■ Information shown ■
──────

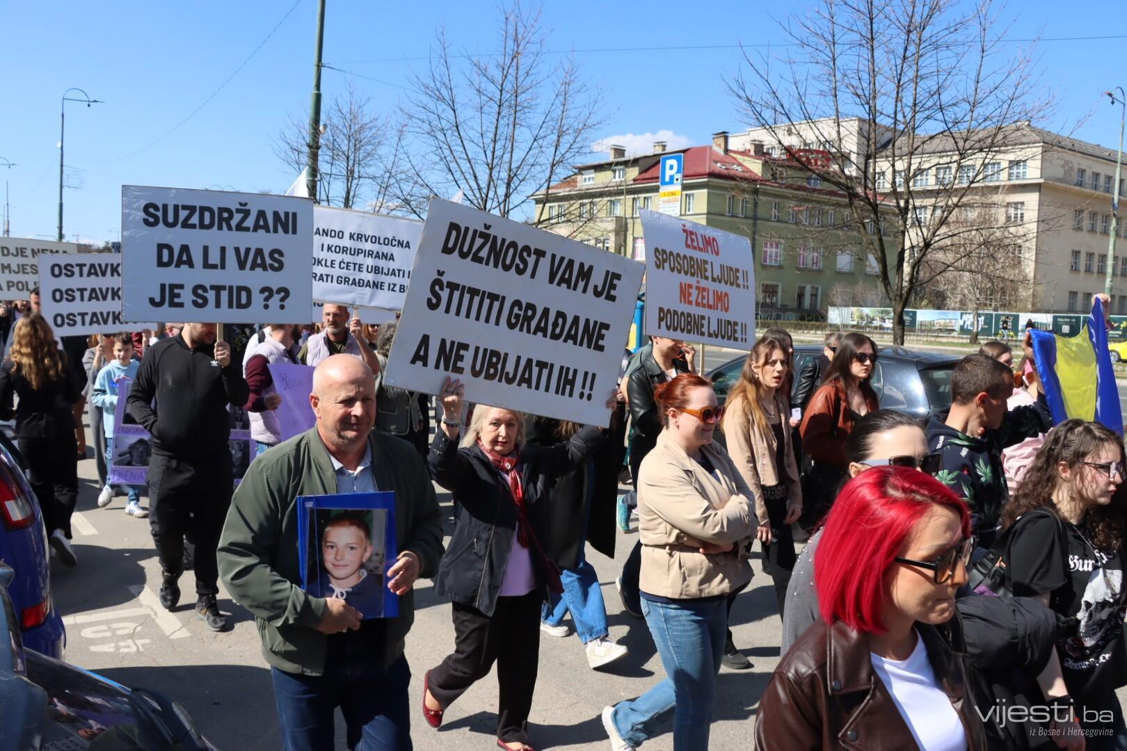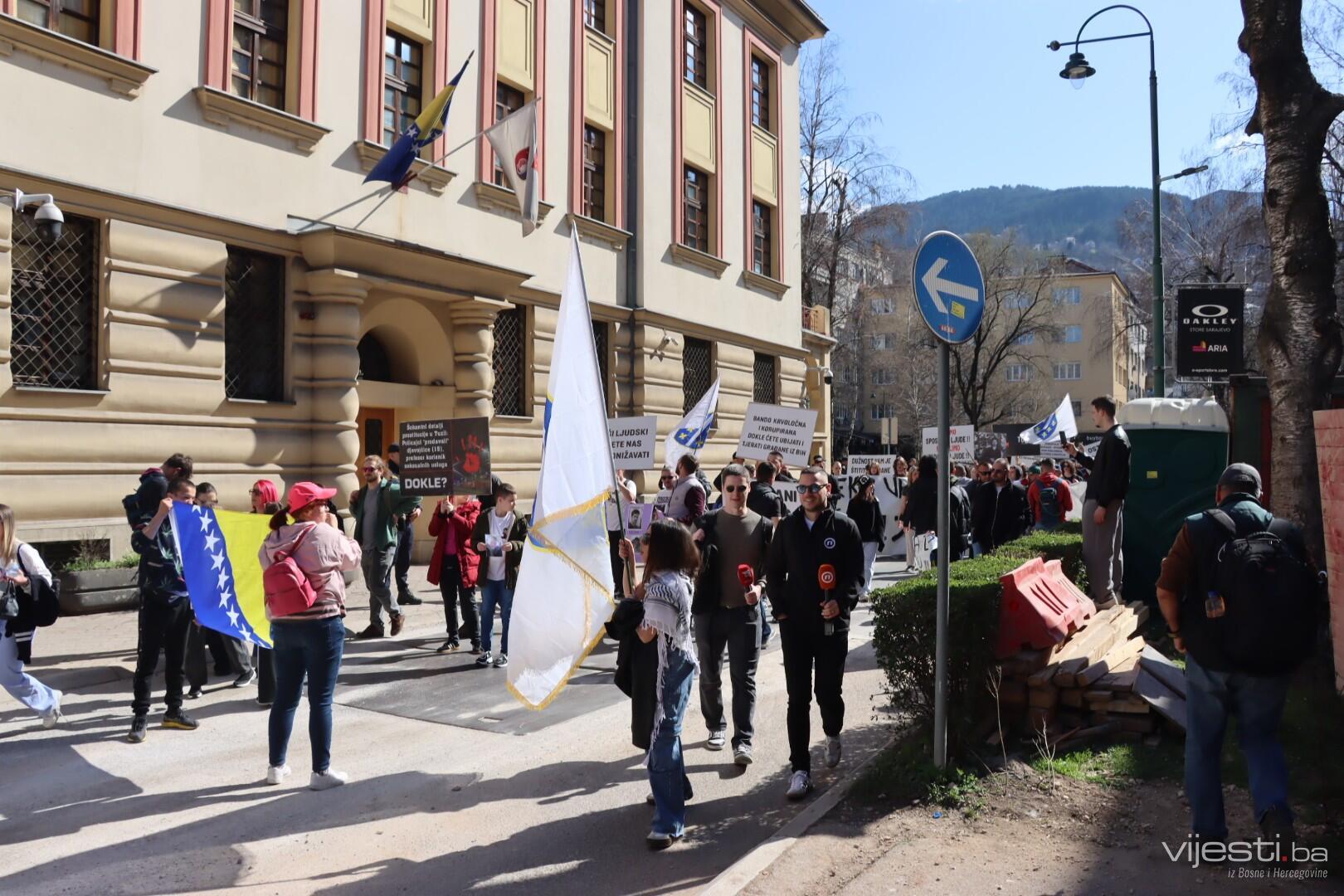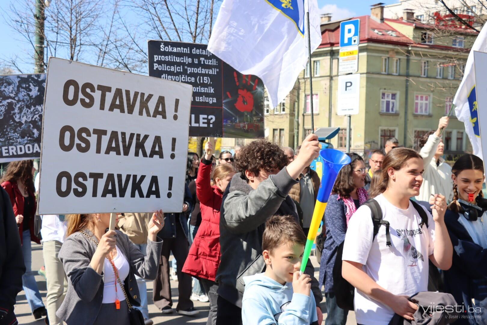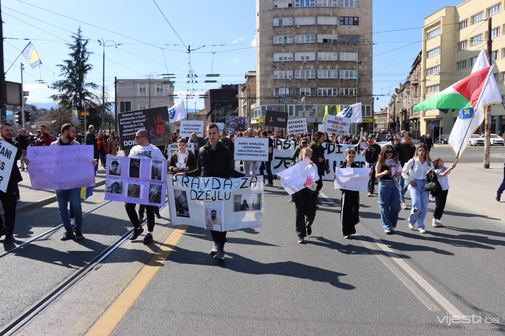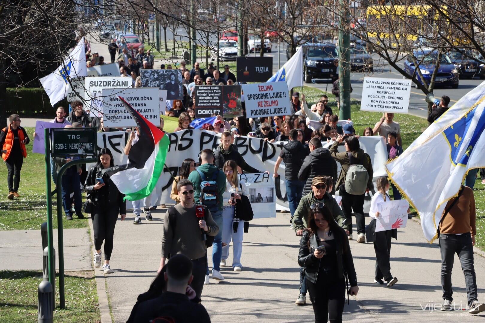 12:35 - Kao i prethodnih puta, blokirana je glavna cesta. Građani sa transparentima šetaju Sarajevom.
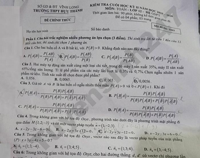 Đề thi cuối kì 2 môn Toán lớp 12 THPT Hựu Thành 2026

──────

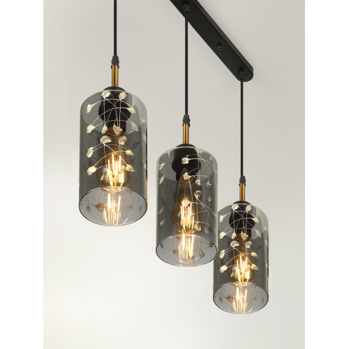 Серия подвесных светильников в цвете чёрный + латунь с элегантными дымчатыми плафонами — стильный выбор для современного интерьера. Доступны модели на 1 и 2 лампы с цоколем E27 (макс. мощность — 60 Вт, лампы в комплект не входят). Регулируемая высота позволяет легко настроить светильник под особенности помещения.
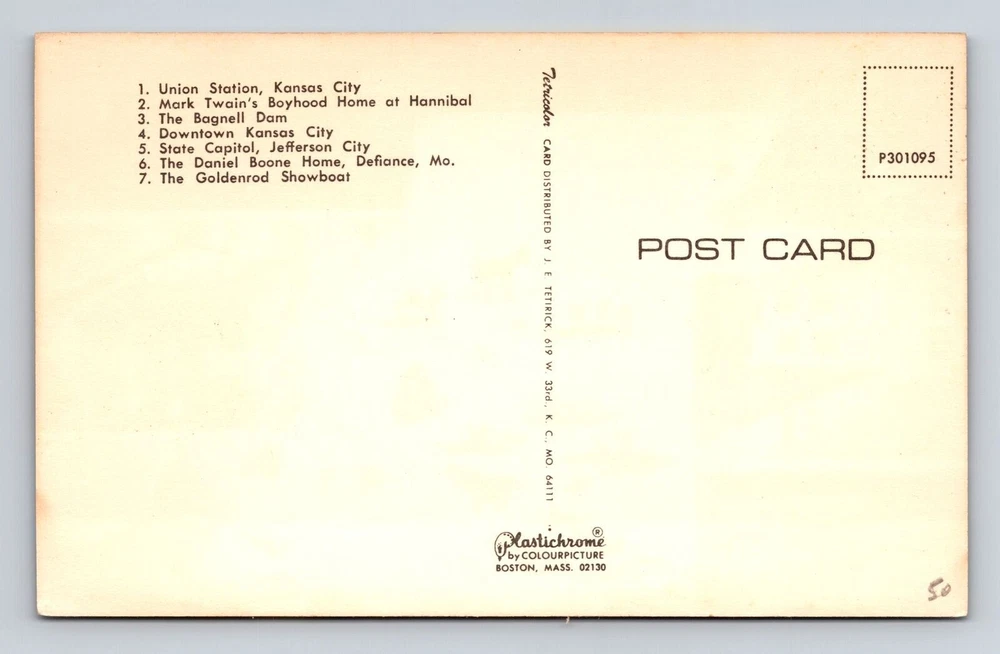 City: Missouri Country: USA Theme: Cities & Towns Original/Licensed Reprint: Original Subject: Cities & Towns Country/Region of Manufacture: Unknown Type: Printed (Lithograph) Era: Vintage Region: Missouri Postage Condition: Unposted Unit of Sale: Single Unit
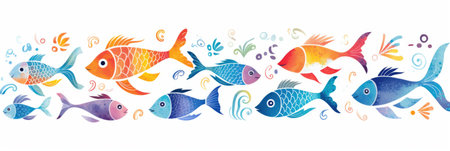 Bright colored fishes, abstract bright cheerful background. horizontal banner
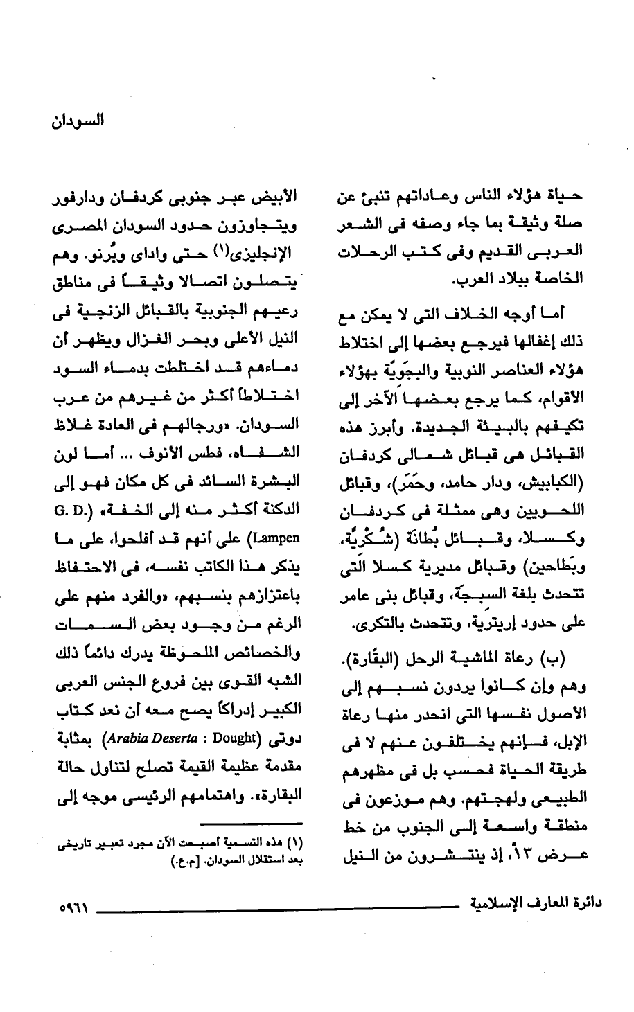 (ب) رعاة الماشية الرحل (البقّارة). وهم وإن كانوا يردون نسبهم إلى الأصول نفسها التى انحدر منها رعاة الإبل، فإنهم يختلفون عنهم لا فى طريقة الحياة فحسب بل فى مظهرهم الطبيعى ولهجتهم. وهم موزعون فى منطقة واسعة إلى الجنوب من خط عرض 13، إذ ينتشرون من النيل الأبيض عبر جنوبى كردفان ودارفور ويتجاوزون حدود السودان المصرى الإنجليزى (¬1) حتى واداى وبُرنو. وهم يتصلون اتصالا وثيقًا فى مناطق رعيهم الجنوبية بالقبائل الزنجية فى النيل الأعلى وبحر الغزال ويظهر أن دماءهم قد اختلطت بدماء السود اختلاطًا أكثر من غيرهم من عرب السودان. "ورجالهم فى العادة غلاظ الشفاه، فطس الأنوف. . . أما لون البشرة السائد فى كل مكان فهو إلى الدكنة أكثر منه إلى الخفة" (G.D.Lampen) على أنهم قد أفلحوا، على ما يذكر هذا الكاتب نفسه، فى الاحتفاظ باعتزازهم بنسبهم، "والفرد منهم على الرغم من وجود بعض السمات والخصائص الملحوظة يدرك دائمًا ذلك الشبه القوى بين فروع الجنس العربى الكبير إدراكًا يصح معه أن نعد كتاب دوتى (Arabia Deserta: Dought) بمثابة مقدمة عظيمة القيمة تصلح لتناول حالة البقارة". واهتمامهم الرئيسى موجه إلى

──────

■ Work item ■
Return the lines above from the one with "12:35 - Kao" through the one with "Đề thi cuối", verbatim and nothing else. Omit every picture.

■ Solution ■
 12:35 - Kao i prethodnih puta, blokirana je glavna cesta. Građani sa transparentima šetaju Sarajevom.
 Đề thi cuối kì 2 môn Toán lớp 12 THPT Hựu Thành 2026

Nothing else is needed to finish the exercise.